On the other hand, I have highlighted with underlining those references that denote or allude to YHWH’s lifting and carrying of his people. Note that even the clause ‘and will save’ at the end of the second paragraph quoted must be read as a lifting-and-carrying reference because the verb (מלט) is the same word used in the first paragraph’s ‘they cannot save the burden’ (לא יכלו מלט משא) rather than the more conventional biblical language of salvation.

Bel bows down; Nebo stoops; their idols are on beasts and livestock; these things you carry are borne as burdens on weary beasts. They stoop; they bow down together; they cannot save the burden, but themselves go into captivity.

Listen to me, O house of Jacob, all the remnant of the house of Israel, who have been borne by me from before your birth, carried from the womb; even to your old age I am he, and to gray hairs I will carry you. I have made, and I will bear; I will carry and will save.

To whom will you liken me and make me equal, and compare me, that we may be alike? Those who lavish gold from the purse, and weigh out silver in the scales, hire a goldsmith, and he makes it into a god; then they fall down and worship! They lift it to their shoulders, they carry it, they set it in its place, and it stands there; it cannot move from its place. If one cries to it, it does not answer or save him from his trouble.

Remember this and stand firm, recall it to mind, you transgressors, remember the former things of old; for I am God, and there is no other; I am God, and there is none like me, declaring the end from the beginning and from ancient times things not yet done, saying, ‘My counsel shall stand, and I will accomplish all my purpose,’ calling a bird of prey from the east, the man of my counsel from a far country. I have spoken, and I will bring it to pass; I have purposed, and I will do it.

Listen to me, you stubborn of heart, you who are far from righteousness: I bring near my righteousness; it is not far off, and my salvation will not delay; I will put salvation in Zion, for Israel my glory. (Isaiah 46:1–13 ESV)

The prophet presents Judah with a world in which folly and wisdom represent a carry-or-be-carried choice. Worshipping what one has created is not empowering, we are told. Just the opposite, it saps the life from everyone and everything. It is simply exhausting.

Finding oneself enveloped in YHWH’s redemptive purpose, on the other hand, is likened to the experience of being lifted up and carried to a worthwhile destiny rather than carried off into exile.

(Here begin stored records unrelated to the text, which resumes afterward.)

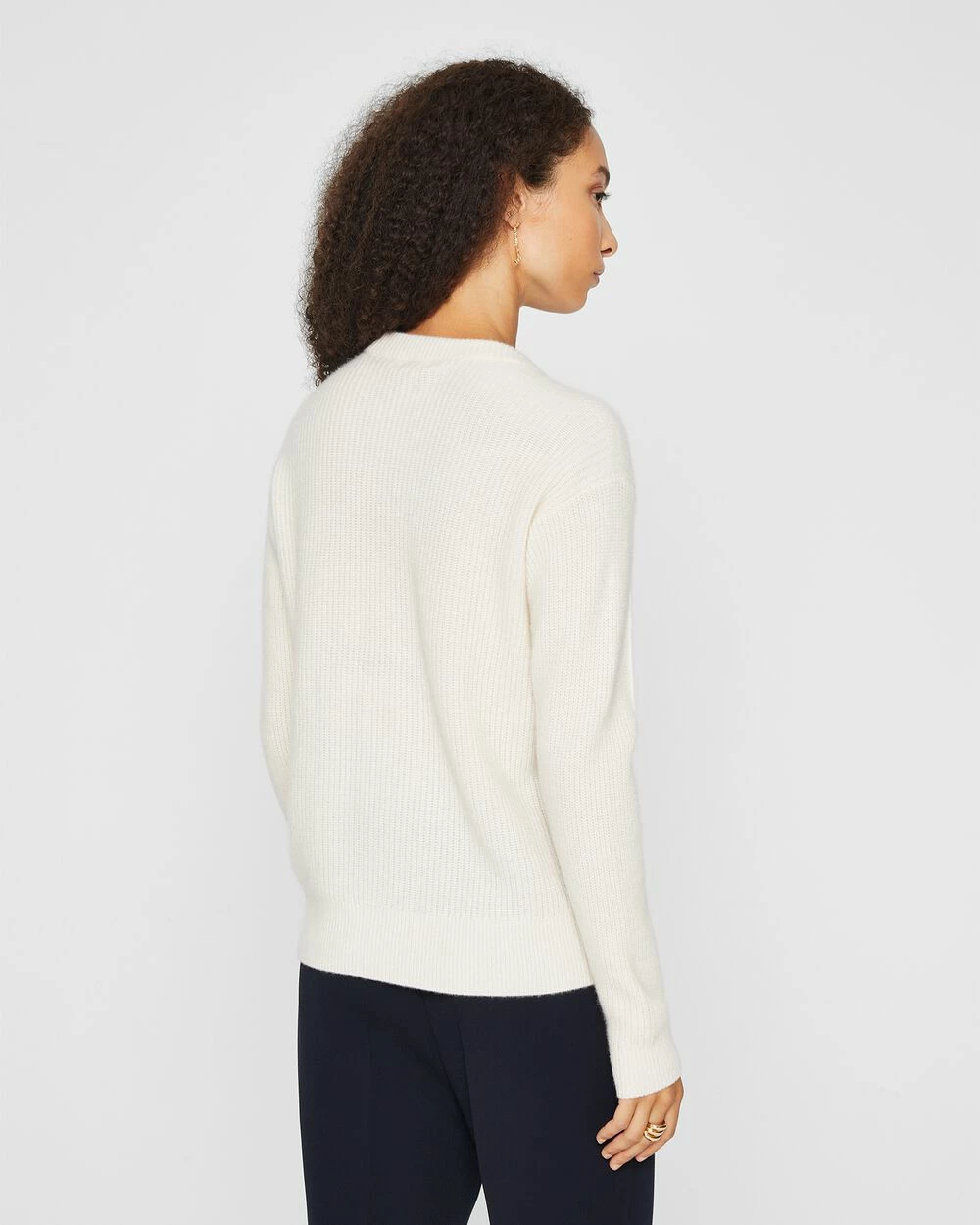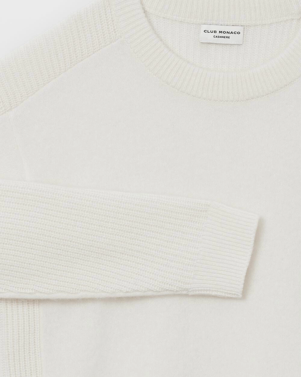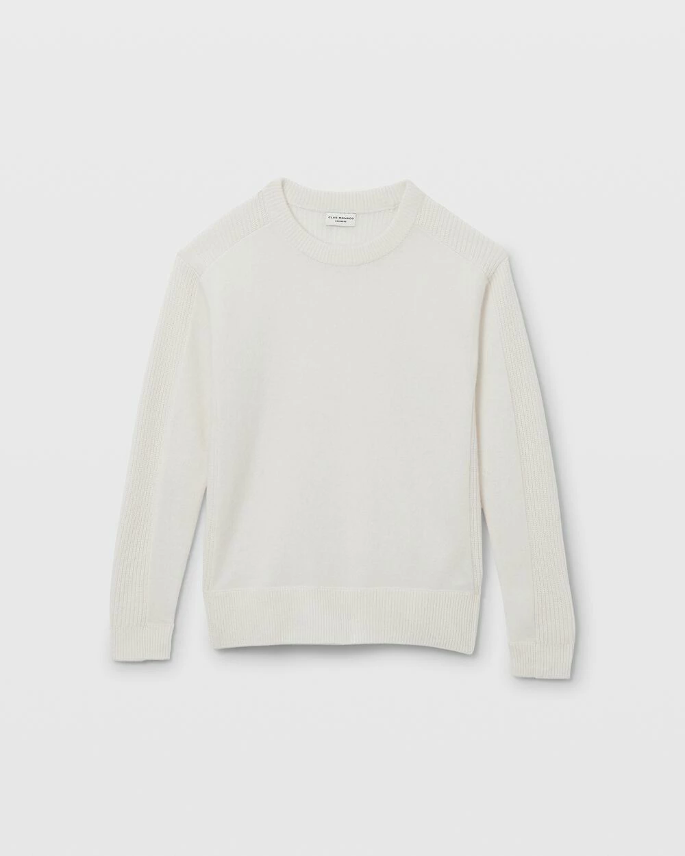 A sweater that dares to be different. Softly brushed cashmere with a super plush feel makes for a classic crewneck you’ll want to live in all season long. The textured back and sleeves and ribbed detailing add a bit of novelty to the overall look.
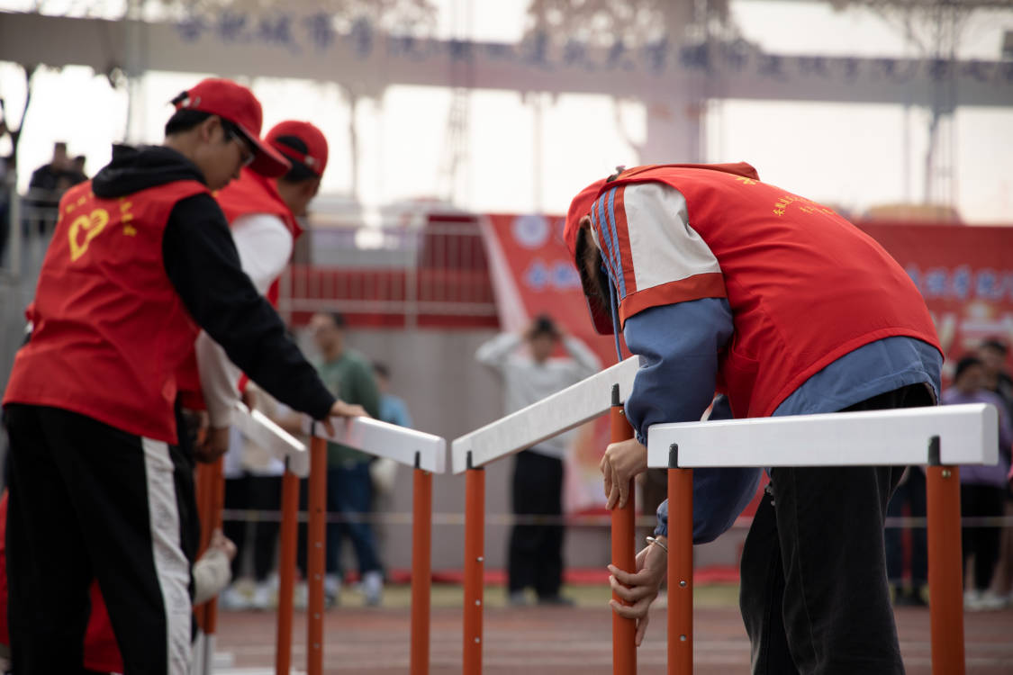 从看台望向绿茵赛场,检录处,选手们井然有序的排着队等待着志愿者们为自己进行项目检录。起点处,选手们经过志愿者们的赛前点名,一排排的静静等候着比赛的来临。终点处,志愿者们目不转睛的盯着秒表,渴求更准确的记录下一次次神圣的时刻。检录、发令、点名、搬运、记录......在这一切次序井然的背后,是无数个身披红色马甲的志愿者忙碌奔波的身影。看台上,观众们为赛场上拼搏的选手们拼命的呐喊助威,声音此起彼伏,连绵不绝,场面嘈杂,但却令人热血沸腾。而在红色塑胶跑道上,在柔软的沙坑前,在跳高的助跑道里,这些呐喊助威声汇集到了运动健儿们的耳朵里,驱散了他们的焦虑、顾忌、怀疑。有如神助般,向着最终的冠军发起冲锋。
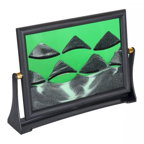 Такая картина из песка может стать оригинальным подарком.Она представляет собой реалистичную картину падающего сквозь вязкую жидкость песка. При каждом переворачивании песочно-жидкостной рамки получается уникальный рисунок. Материал: стекло, пластик. Размер с учетом подставки 18*12см.

One thinks here of Jesus’ famous claim in the eleventh chapter of the gospel of Matthew.

Come to me, all who labor and are heavy laden, and I will give you rest. Take my yoke upon you, and learn from me, for I am gentle and lowly in heart, and you will find rest for your souls. For my yoke is easy, and my burden is light. (Matthew 11:28–30 ESV)

Though I am not aware of convincing evidence the Jesus purposely alludes to Isaiah 46, the rhetoric is strikingly similar both in intent and in means.

In Isaiah, prophetic sarcasm deploys emotional violence to clarify the consequences of idolatrous piety vs. confidence in YHWH. In Matthew, Jesus extends an invitation to abandon wearisome labor and to find rest under—ironically—a ‘burden’ of discipleship that he rests lightly upon human shoulders.

As with so many other things, neither religion nor work nor rest are necessarily what they appear on the surface of things to be.



Readers of this blog will be familiar with Isaianic irony. The work of Israelite prophecy that we abbreviate as The Book of Isaiah does not instruct only with straight-forward words. Rather, its artistry drives its message home with relentless subtlety, some of which is inevitably lost when the book’s soulful poetry is translated into English or another modern language.

Nowhere is the subtlety more powerfully deployed than in the prophet’s anti-idolatry polemic. He finds the veneration of idols not only enslaving, but also astonishingly stupid. Idolatry, he insists, is a religious practice that wearies rather than invigorates the worshipper.

In chapters 44 and 45, the book indulges in a lengthy run of such sarcasm-with-a-purpose. YHWH’s creative abilities are articulated via a plethora of vocabulary that occurs with frequency in those moments when divine creation becomes the subject of the Hebrew Bible’s discourse. One verb stands out for its repetition in these two chapters: יצר or yatsar.  The word is commonly translated as to shapeto form, or to fashion. The reader with little command of Biblical Hebrew will recognize the verb’s three consonants ( צ , י , and ר ) in the verses quoted below.

No fewer than nine times in chapters 44 and 45, YHWH is seen to form or fashion important created works. The high-level persuasive task of the passage is to convince the reader that YHWH has been able to form Israel, his servant because he is unimpeded in all his creative whimsy. If he is free to form and shape whatever he wants to create, then he can certainly create and re-create Israel against all the odds of historical precedent and human calculation. For this reason, Judah/Israel’s demoralizing captivity in Babylon does not mean that she is doomed. On the contrary, she can become YHWH’s newest new thing. This otherwise despairing nation can become, in a national sense, born again.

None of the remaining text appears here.